Enabling Real Time Alerts using Microsoft Graph in Power Platform – Part 2

In this section of the blog series, we’ll walk through the steps to create a Microsoft Graph subscription for Teams presence updates based on the Custom connector created on the previous post and configure a Power Automate flow to receive and process these updates through Azure Event Hub.

Step 1: Creating a Microsoft Graph Subscription for Teams Presence

Microsoft Graph allows subscription to presence changes via the /communications/presences/{userId} endpoint. Subscriptions require:

  • An access token with the right scopes (Presence.Read.All)
  • A valid Event Hub endpoint as the notificationUrl
  • Expiry time (up to 1 hour for presence)
  • Resource path and change type

Tip: Presence subscriptions must be renewed every hour. This can be handled through a scheduled Power Automate flow or a timer-based Azure Function.
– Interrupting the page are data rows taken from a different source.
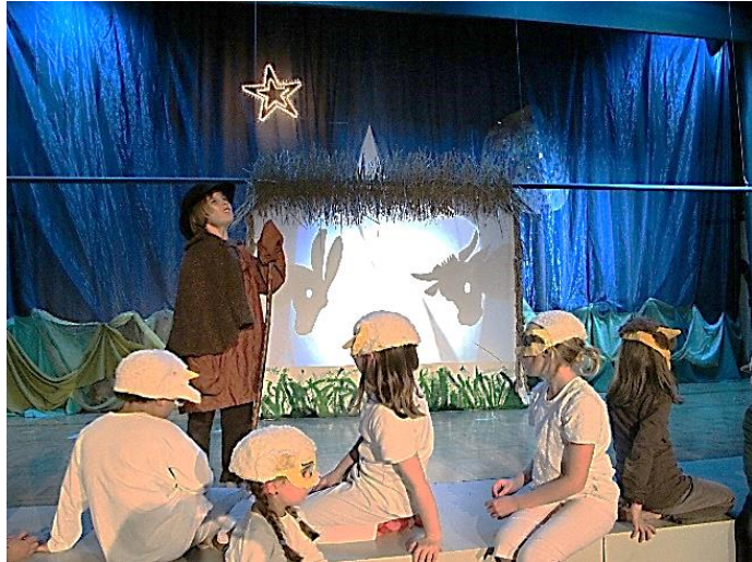
Das Geschehen im Stall als Schattenspiel

Es kann ein sehr wirkungsvolles Gestaltungselement sein, das Geschehen im Stall, im Haus, im Hotel, ... als Schattenspiel darzustellen.
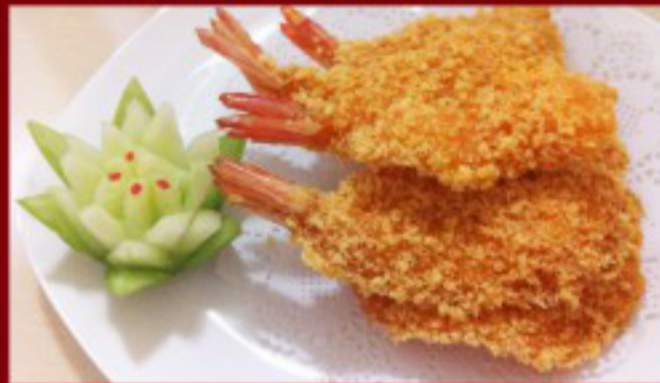
13 炸虾 ----- 10 Fried Shrimps (4p) Beignets de crevettes
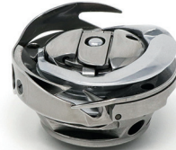
Hook Completed assembly - 0265 004029 Greifer Gesamte Baugruppe - 0265 004029
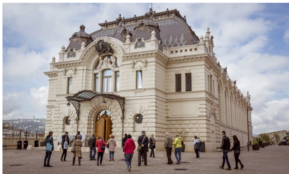
👉 A Csikós udvar ifj. Vastagh György Lovát fékező csikós nevű szobráról kapta a nevét

A palotaudvar és a Csikós udvar összeköttetésének koncepciója a 19. és 20. század fordulóján született meg, Hauszmann Alajosnak köszönhetően. A Várba való feljutás megkönnyítésére 1900 körül alakították ki a Palota útról a Csikós udvarba, onnan pedig a Hunyadi udvarba felvezető rámparendszert. Önálló, ugyanakkor a palotával kapcsolatban álló gazdag épületegyüttes jött itt létre: az alsó teraszon 1901-től a

Step 2: Receiving Notifications via Azure Event Hub

Azure Event Hub serves as a high-throughput ingestion pipeline for Microsoft Graph notifications. After the subscription is created, presence change events are pushed into the specified Event Hub.

Each event includes metadata about the subscription, user, and timestamp, allowing you to react to presence changes in near real-time.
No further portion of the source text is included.